Introduction: Exfoliative rejection (ER) of the intestinal graft is associated with significant fluid and electrolyte losses, recurrent sepsis due to microbial translocation and often leads to graft enterectomy, re-transplant or death. The majority of previously reported cases or case series of ER are in paediatrics.
Methods: We present here a case series of ER in adults from a single centre in the UK over the time period 2007-2018. This is a retrospective review of a database containing patient demographics, endoscopy and histology findings and outcomes. ER was diagnosed based on endoscopic findings of widespread areas of denuded mucosa.
Results: 84 patients were transplanted in the specified time period: 34 MVT, 13 Liver/Intestine, 11 MMVT, 25 Intestine only. 7 patients (8.3%) experienced an episode of ER. Precipitating reasons for ER were immunosuppression switch (2), non-compliance (2), low immunosuppression levels because of comorbidity (2) and in one case the patient had concurrent severe adenovirus infection. It is not clear whether the viral infection triggered rejection.
All patients received pulsed steroids. 4/7 patients received second line treatment with Alemtuzumab (1) or Anti-Thymocyte Globulin (3). 3 patients underwent repeat transplant of which one had graft enterectomy 3 weeks prior to the second transplant. 2 further patients had limited graft resection due to strictures and had subsequent full graft function. The only death related to ER occurred in the patient with concurrent adenovirus who developed a recurrence of this following re-transplant. All patients required parenteral nutrition and often additional fluids and electrolyte replacement due to the large volume stomal losses (often in excess of 5 litres per day) until recovery or re-transplant.

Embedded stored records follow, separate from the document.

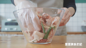 3.下葱段、姜丝、料酒,腌制鸡肉
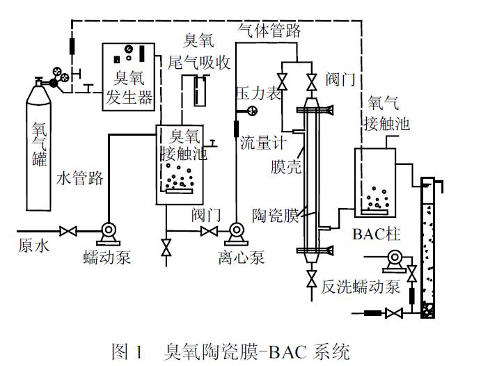 膜工藝在飲用水處理中的應用日益增多,其對水中顆粒物有很好的分離能力,膜出水濁度一般在0.2NTU 以下,在水處理中有很大的應用潛力.但實踐證明,膜的污染和膜工藝無法有效去除溶解性有機物和氨氮,阻礙了其廣泛應用.陶瓷膜具有機械強度高、化學穩定性和熱穩定性高等優點.陶瓷膜能夠與臭氧直接接觸,可有效控制膜污染.臭氧氧化在控制膜污染的同時還能降低有機物的分子量,提高其可生化性.但有報道指出,臭氧氧化可降低膜對的有機物的去除效果.為提高膜對有機物的去除,通常在膜工藝前設置粉末活性炭或顆粒活性炭等預處理工藝.預處理工藝能夠改變水中顆粒物和有機物的賦存形態,降低膜的有機物負荷,減輕膜污染,提高有機物的去除效果.但此類預處理工藝多利用了活性炭的吸附作用,且對氨氮的去除無顯著改善.研究表明,生物活性碳(BAC)可有效去除水中的有機物和氨氮.因此,在臭氧-陶瓷膜后設置BAC工藝,形成臭氧陶瓷膜-BAC組合工藝,可在臭氧控制膜污染的基礎上去除有機物和氨氮,能夠一舉兩得.
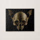 Unique skull illustration features a dark and haunted design with vampire fangs and bat wings.
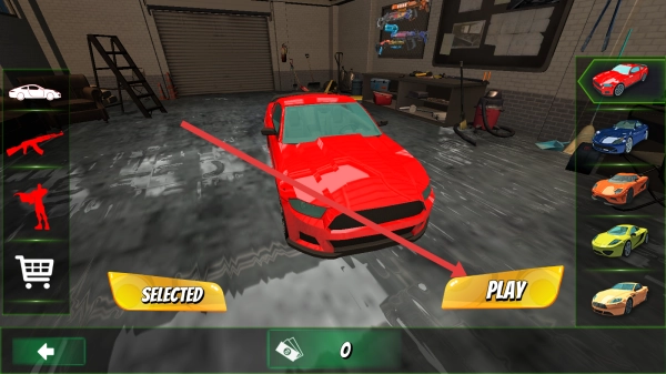 挑选红色的载具,点击【PLAY】按钮进入游戏,选择要驾驶的车辆,在城市里完成各项任务,以此推动游戏的进度。
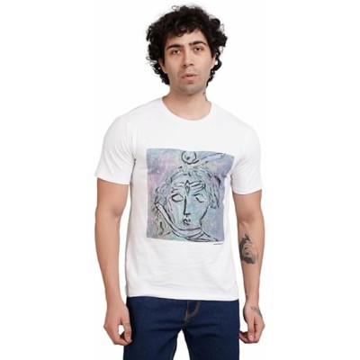 Front Printed Lord Shiva Half Sleeve Men and Women Cotton T Shirt(S09)
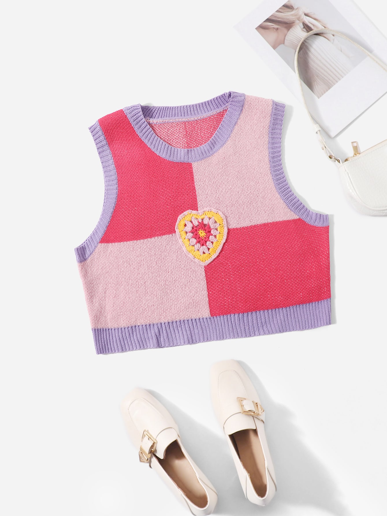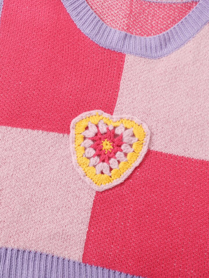 Pull sans manches à blocs de couleurs avec motif cœur
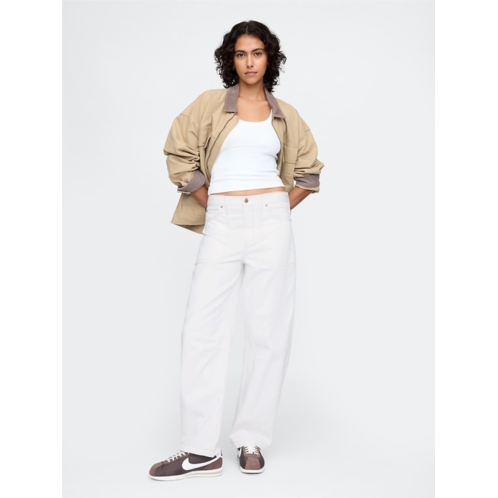 -Fit:A full-length barrel jean that's fitted at the waist with a relaxed leg and tapered ankle.
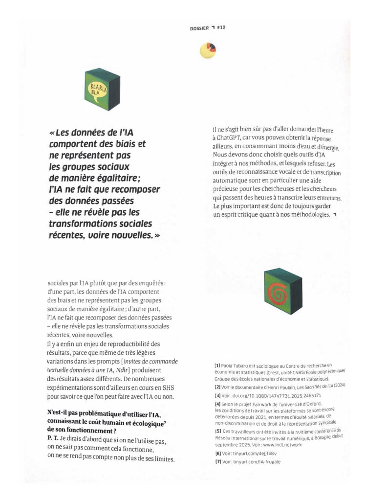 Entretien avec la sociologue Paola Tubabo pour “Carnets de science”, la revue du CNRS, sur les ouvier-ères de l’intelligence artificielle.
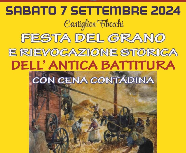 Domani, sabato 7 settembre, a Castiglion Fibocchi, su iniziativa del Camae (Club amatori macchine agricole d’epoca), d’intesa con l’associazione Ottava Torre e con il patrocinio del comune di Castiglion Fibocchi, è in programma una nuova edizione della «Festa del grano e rievocazione storica dell’antica battitura, con cena contadina».
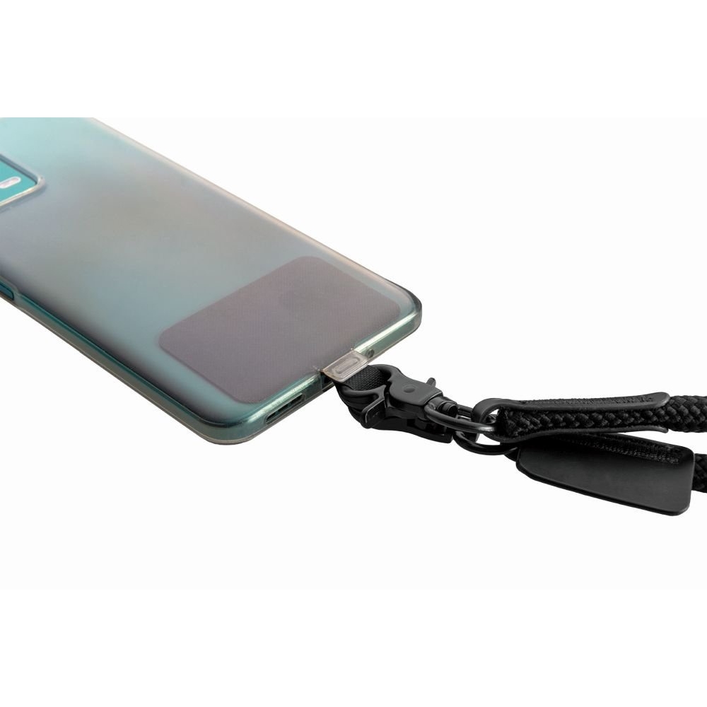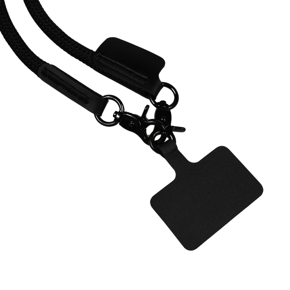 Praktická černá crossbody šňůrka značky Schwarzwolf s držákem na telefon, díky níž budete mít telefon vždy po ruce a zároveň volné ruce.
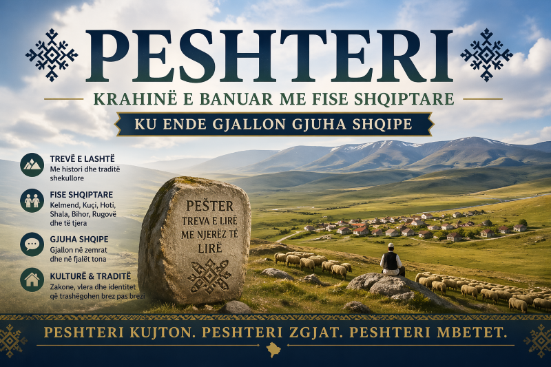 Edhe sot, në disa zona të kësaj treve, ruhen gjurmë të gjuhës shqipe, toponime të vjetra dhe kujtesa familjare për prejardhjen shqiptare të shumë fiseve. Në tekstin e tij interesant, autori Dr. Esad Kučević trajton emrin “Pešter” jo vetëm si term gjuhësor, por si identitet që zgjat në kohë.

Conclusion: Exfoliative rejection in this case series frequently occurred in the setting of overall lower immunosuppression than would be desirable. In some cases this was unavoidable, but every effort should be made to support patient adherence to treatment and to provide general psychological support. Historically, switching immunosuppression has been a potential trigger for severe/exfoliative rejection in our unit. Protocols are now in place for managing switches and since these have been instigated, no episodes of rejection have occurred in this context. Reducing immunosuppression due to co-morbidity is always a difficult decision and should be made within a full multidisciplinary setting.